» **DATA FOR THIS TASK**
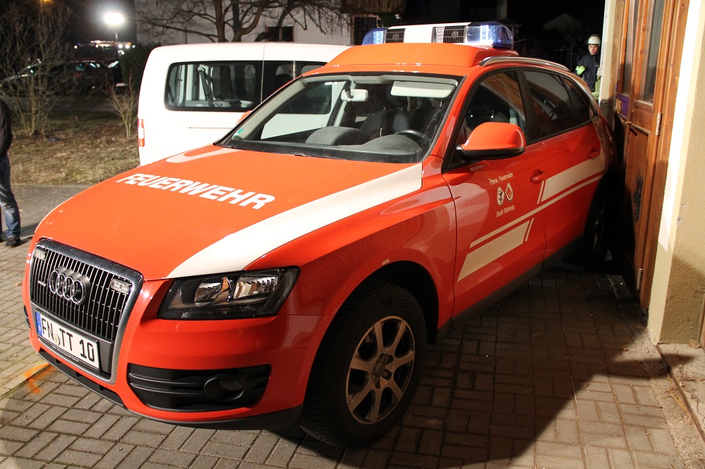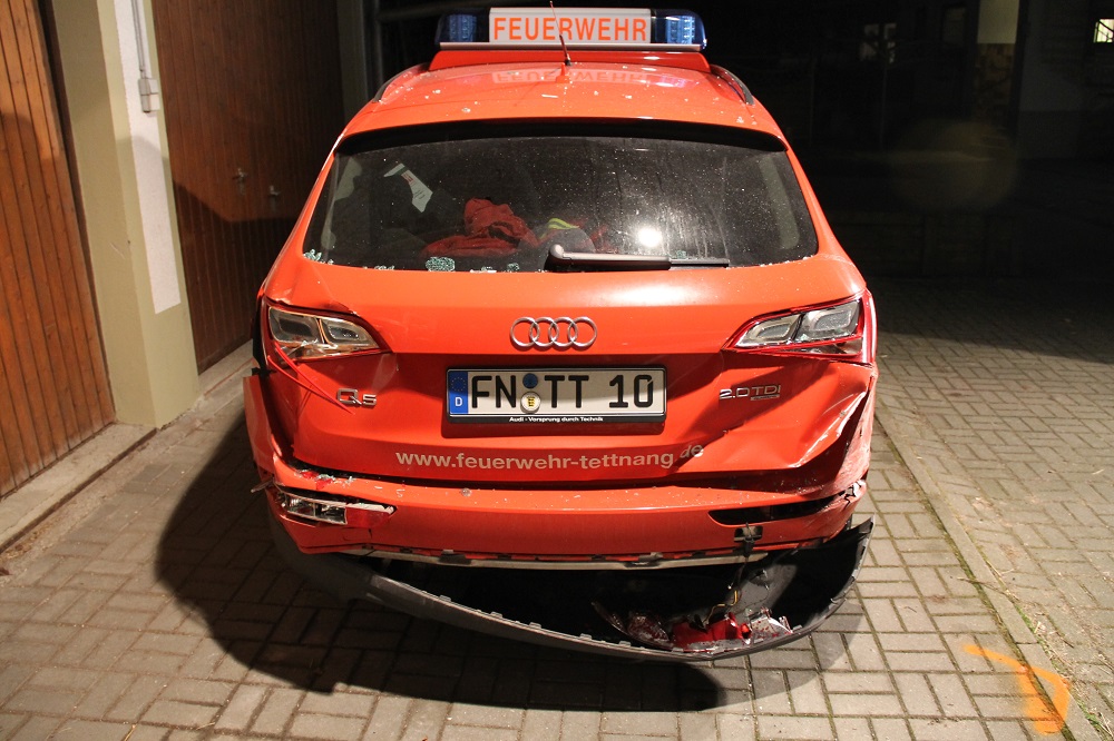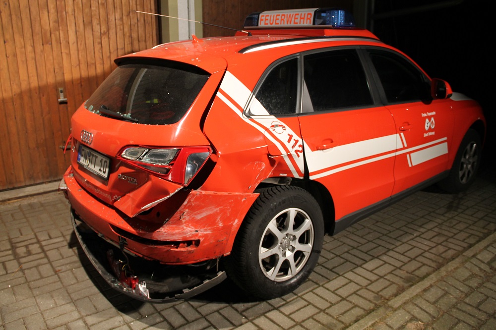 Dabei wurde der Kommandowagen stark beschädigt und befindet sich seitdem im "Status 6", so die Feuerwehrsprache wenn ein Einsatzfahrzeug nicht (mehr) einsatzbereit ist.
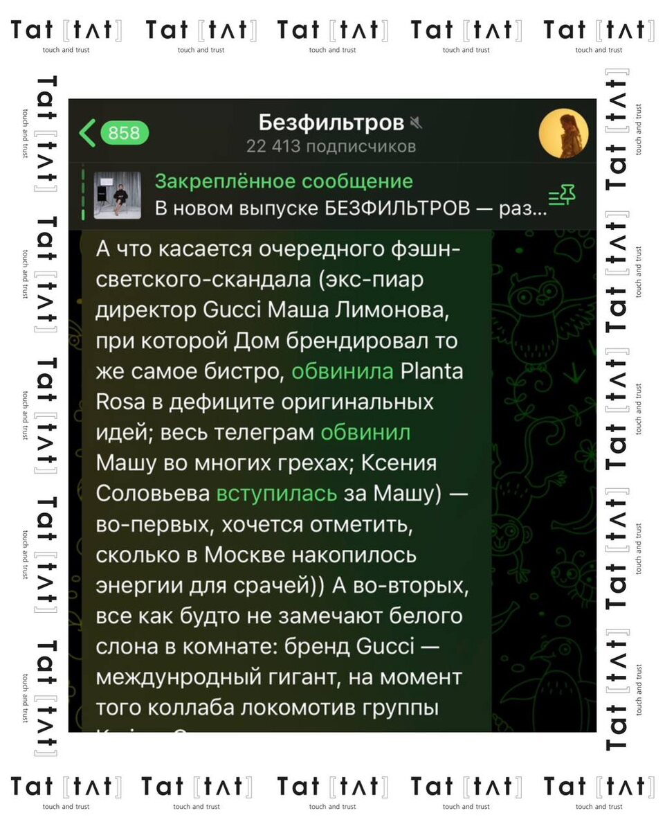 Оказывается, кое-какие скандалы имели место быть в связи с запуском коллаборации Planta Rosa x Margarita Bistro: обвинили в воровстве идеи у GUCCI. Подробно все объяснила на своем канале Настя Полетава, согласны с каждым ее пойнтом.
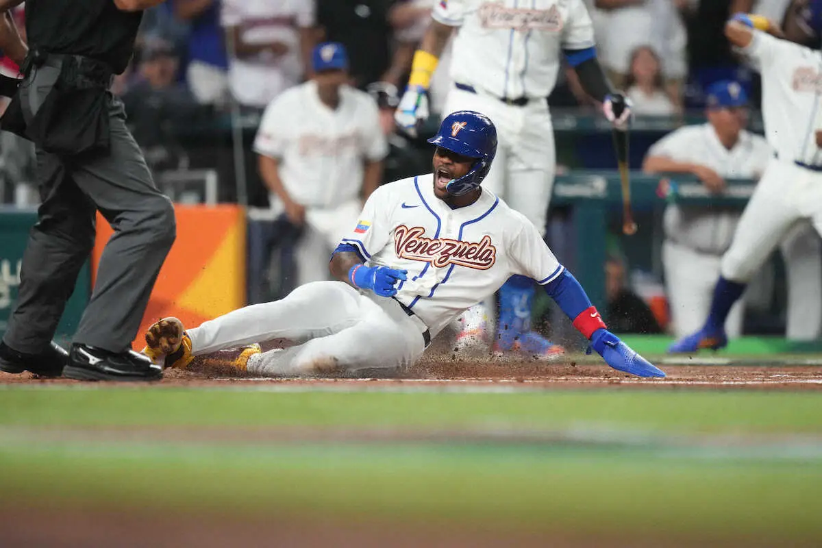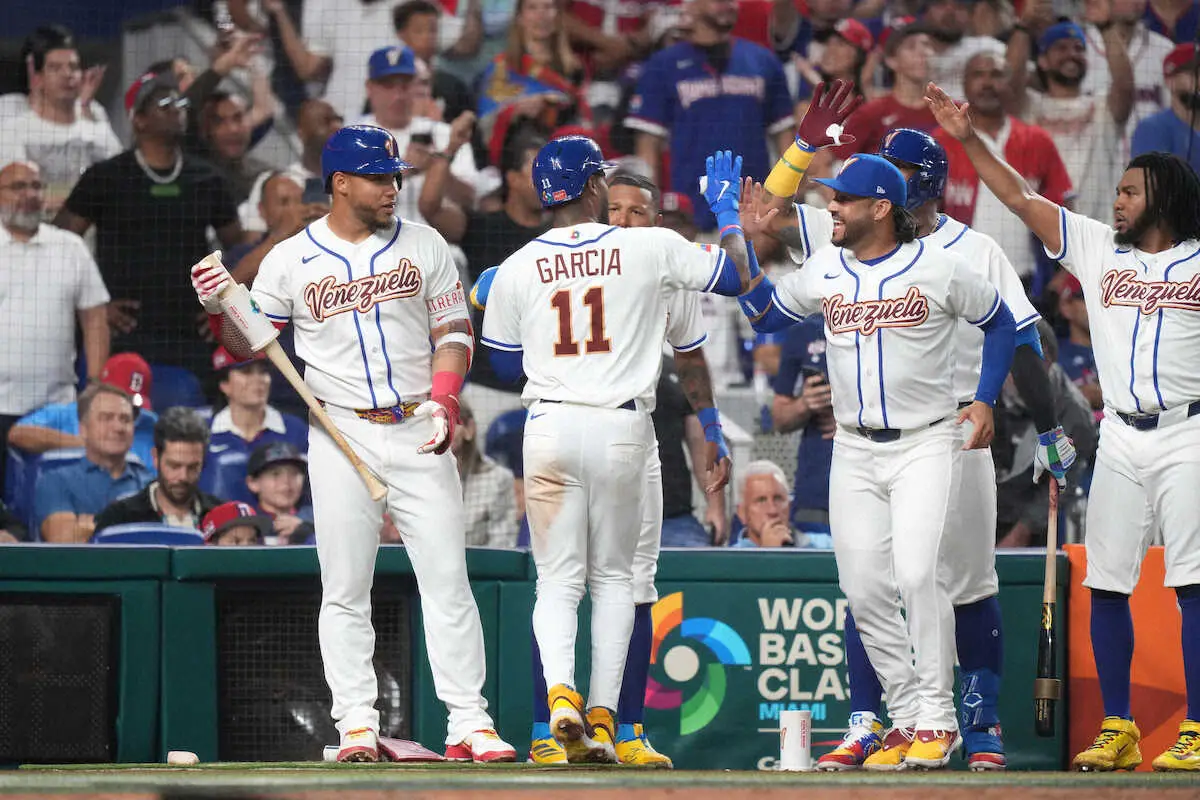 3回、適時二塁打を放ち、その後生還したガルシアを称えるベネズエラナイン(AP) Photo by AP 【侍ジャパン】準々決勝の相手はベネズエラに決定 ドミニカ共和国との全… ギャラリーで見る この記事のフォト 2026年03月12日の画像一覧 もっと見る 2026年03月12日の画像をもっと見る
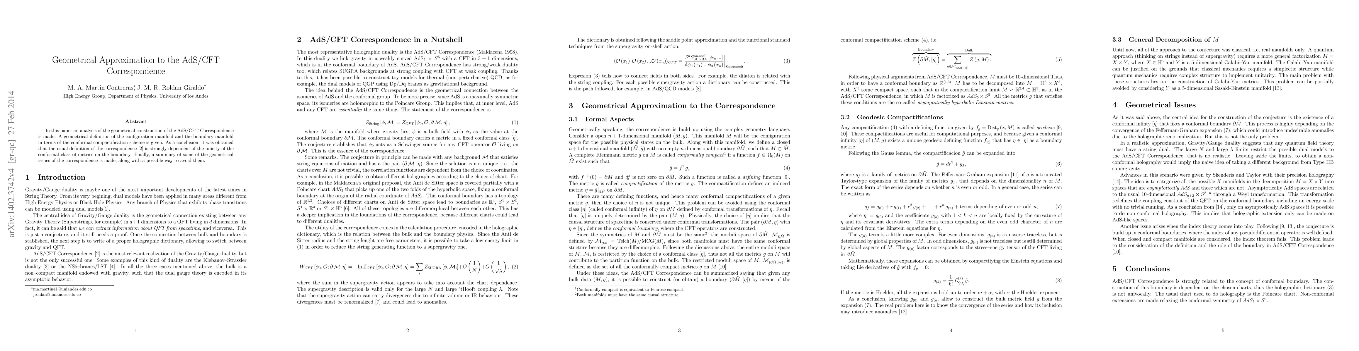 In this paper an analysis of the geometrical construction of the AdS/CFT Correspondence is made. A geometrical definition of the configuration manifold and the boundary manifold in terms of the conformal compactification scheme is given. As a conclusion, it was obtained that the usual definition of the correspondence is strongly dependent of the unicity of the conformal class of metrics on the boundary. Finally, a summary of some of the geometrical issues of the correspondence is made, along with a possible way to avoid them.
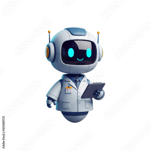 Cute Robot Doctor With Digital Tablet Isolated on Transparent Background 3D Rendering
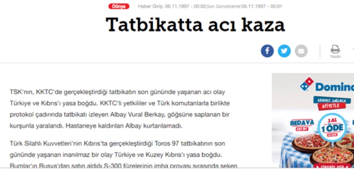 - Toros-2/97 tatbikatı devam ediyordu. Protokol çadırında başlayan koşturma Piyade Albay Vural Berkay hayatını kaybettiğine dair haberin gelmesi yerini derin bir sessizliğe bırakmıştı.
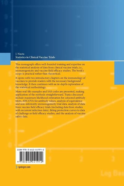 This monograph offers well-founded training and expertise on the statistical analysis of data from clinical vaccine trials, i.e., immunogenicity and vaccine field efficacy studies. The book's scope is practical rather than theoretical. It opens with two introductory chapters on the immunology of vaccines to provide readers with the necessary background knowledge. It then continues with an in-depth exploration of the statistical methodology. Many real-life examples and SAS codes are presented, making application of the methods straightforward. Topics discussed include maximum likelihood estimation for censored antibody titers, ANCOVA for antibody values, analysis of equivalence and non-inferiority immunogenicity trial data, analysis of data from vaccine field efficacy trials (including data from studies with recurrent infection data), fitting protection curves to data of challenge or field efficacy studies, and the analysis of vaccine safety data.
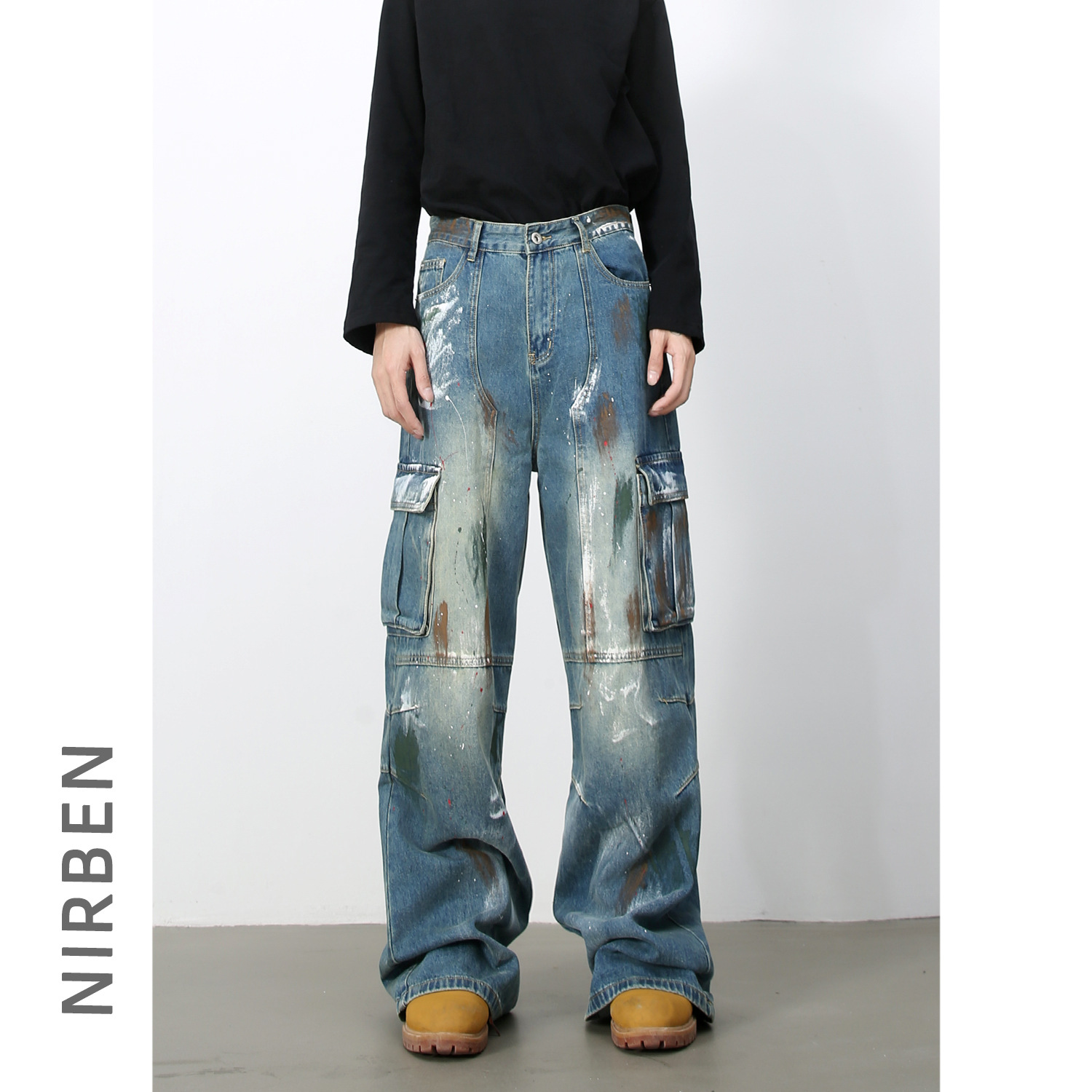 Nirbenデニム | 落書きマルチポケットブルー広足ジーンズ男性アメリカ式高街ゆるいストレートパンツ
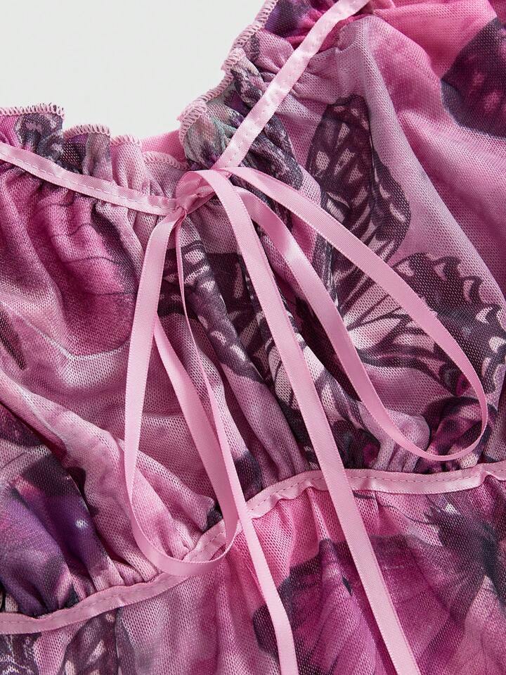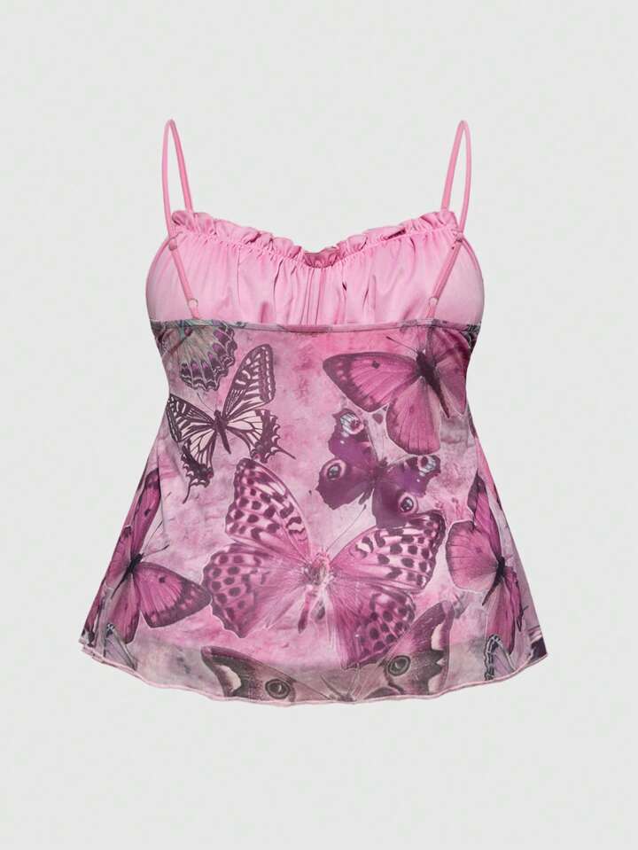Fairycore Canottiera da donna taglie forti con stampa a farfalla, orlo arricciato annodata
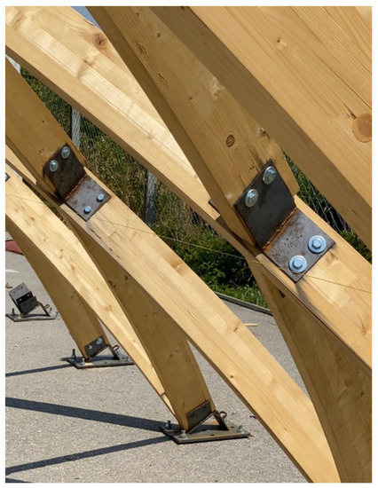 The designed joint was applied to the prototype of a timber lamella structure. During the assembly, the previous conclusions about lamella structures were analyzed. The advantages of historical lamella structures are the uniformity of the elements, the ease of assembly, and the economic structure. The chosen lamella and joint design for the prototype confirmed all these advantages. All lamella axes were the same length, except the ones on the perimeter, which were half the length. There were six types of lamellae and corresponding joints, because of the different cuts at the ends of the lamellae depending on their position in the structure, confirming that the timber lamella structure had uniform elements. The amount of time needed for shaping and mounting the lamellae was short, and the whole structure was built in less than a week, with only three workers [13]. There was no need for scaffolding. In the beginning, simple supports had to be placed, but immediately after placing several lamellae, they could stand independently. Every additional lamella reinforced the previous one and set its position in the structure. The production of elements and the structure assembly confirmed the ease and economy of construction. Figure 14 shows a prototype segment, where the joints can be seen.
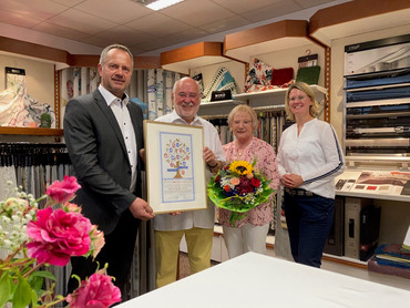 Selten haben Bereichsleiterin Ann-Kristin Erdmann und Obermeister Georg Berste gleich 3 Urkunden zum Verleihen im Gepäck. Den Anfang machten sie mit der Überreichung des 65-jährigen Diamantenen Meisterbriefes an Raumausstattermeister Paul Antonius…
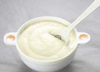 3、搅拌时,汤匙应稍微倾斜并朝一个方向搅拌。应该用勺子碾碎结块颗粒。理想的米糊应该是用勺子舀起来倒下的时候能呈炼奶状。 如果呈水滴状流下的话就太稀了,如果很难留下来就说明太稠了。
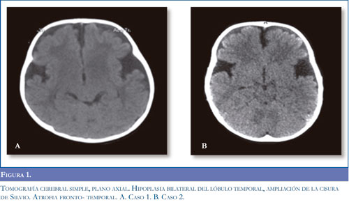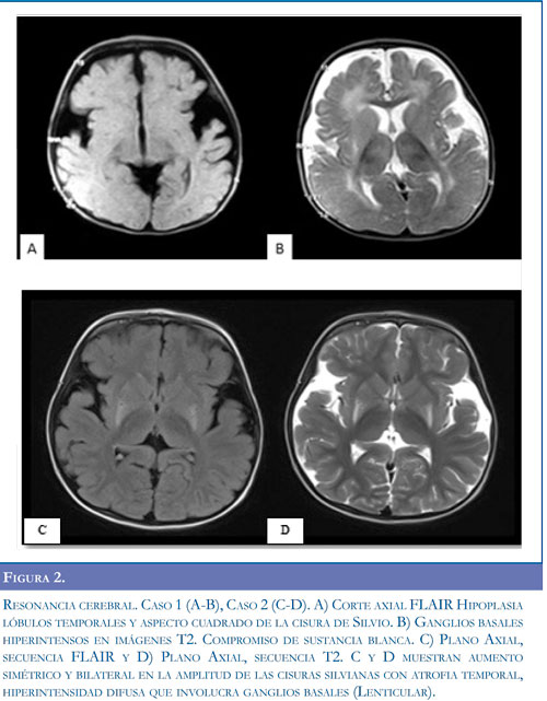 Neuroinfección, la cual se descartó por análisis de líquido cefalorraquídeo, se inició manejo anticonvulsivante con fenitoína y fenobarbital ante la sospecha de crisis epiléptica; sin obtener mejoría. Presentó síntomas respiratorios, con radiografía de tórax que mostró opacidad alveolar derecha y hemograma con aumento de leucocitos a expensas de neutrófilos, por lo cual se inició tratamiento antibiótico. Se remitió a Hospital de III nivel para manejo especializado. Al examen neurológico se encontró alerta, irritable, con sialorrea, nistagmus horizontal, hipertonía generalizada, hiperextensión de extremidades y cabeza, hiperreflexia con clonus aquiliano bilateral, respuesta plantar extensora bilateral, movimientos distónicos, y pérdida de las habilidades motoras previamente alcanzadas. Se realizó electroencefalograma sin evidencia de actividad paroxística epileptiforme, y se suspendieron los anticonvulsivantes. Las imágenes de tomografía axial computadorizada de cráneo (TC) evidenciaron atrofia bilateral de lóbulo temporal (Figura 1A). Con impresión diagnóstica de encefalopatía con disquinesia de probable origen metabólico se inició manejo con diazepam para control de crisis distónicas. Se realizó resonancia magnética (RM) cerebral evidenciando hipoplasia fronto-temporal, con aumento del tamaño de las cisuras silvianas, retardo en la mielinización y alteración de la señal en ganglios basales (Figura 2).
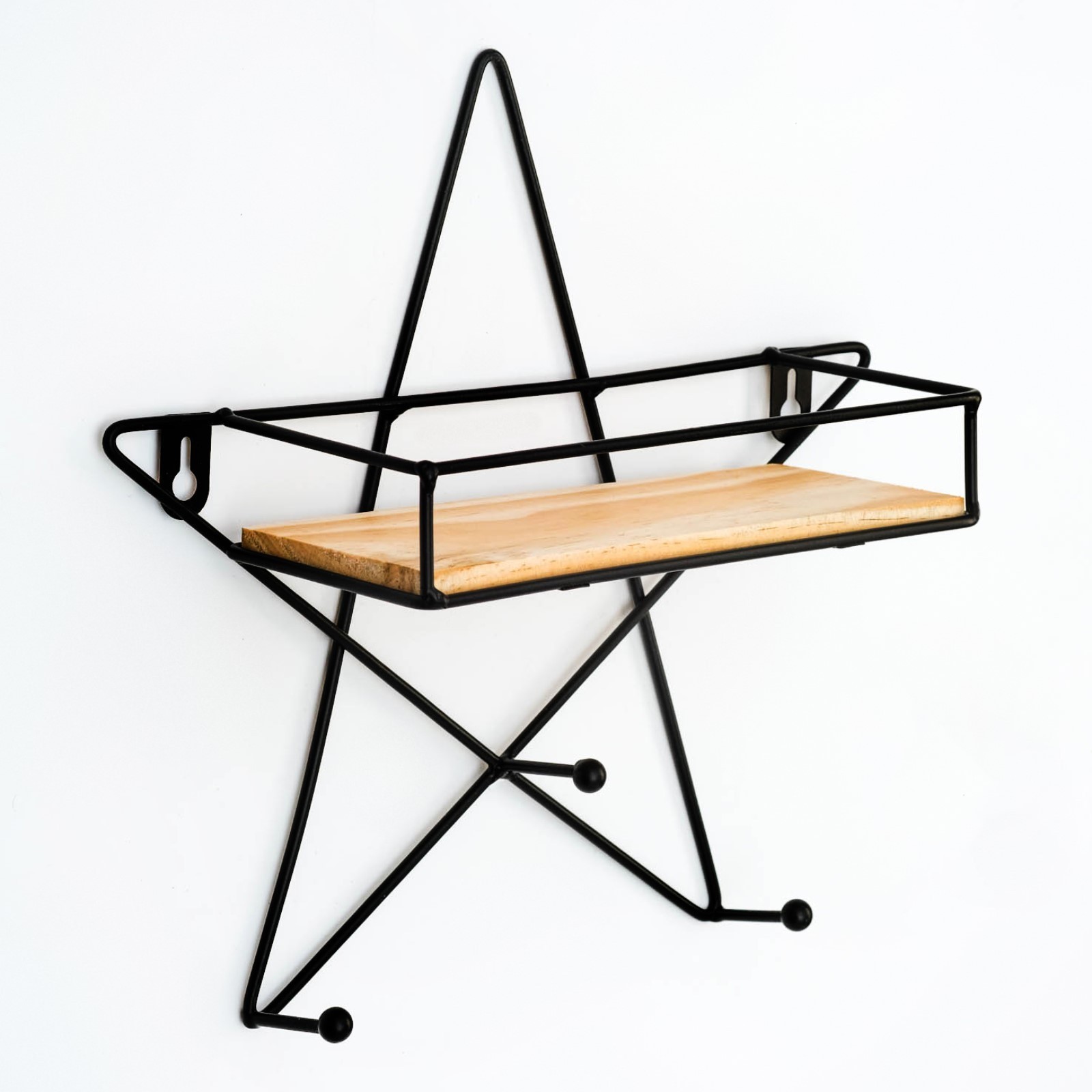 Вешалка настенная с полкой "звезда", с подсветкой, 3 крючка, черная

» **EXERCISE BRIEF**
Leave out the pictures. Transcribe only the lines above, from the first through the one that contains "Cute Robot Doctor".

» **COMPLETED EXERCISE**
 Dabei wurde der Kommandowagen stark beschädigt und befindet sich seitdem im "Status 6", so die Feuerwehrsprache wenn ein Einsatzfahrzeug nicht (mehr) einsatzbereit ist.
 Оказывается, кое-какие скандалы имели место быть в связи с запуском коллаборации Planta Rosa x Margarita Bistro: обвинили в воровстве идеи у GUCCI. Подробно все объяснила на своем канале Настя Полетава, согласны с каждым ее пойнтом.
 3回、適時二塁打を放ち、その後生還したガルシアを称えるベネズエラナイン(AP) Photo by AP 【侍ジャパン】準々決勝の相手はベネズエラに決定 ドミニカ共和国との全… ギャラリーで見る この記事のフォト 2026年03月12日の画像一覧 もっと見る 2026年03月12日の画像をもっと見る
 In this paper an analysis of the geometrical construction of the AdS/CFT Correspondence is made. A geometrical definition of the configuration manifold and the boundary manifold in terms of the conformal compactification scheme is given. As a conclusion, it was obtained that the usual definition of the correspondence is strongly dependent of the unicity of the conformal class of metrics on the boundary. Finally, a summary of some of the geometrical issues of the correspondence is made, along with a possible way to avoid them.
 Cute Robot Doctor With Digital Tablet Isolated on Transparent Background 3D Rendering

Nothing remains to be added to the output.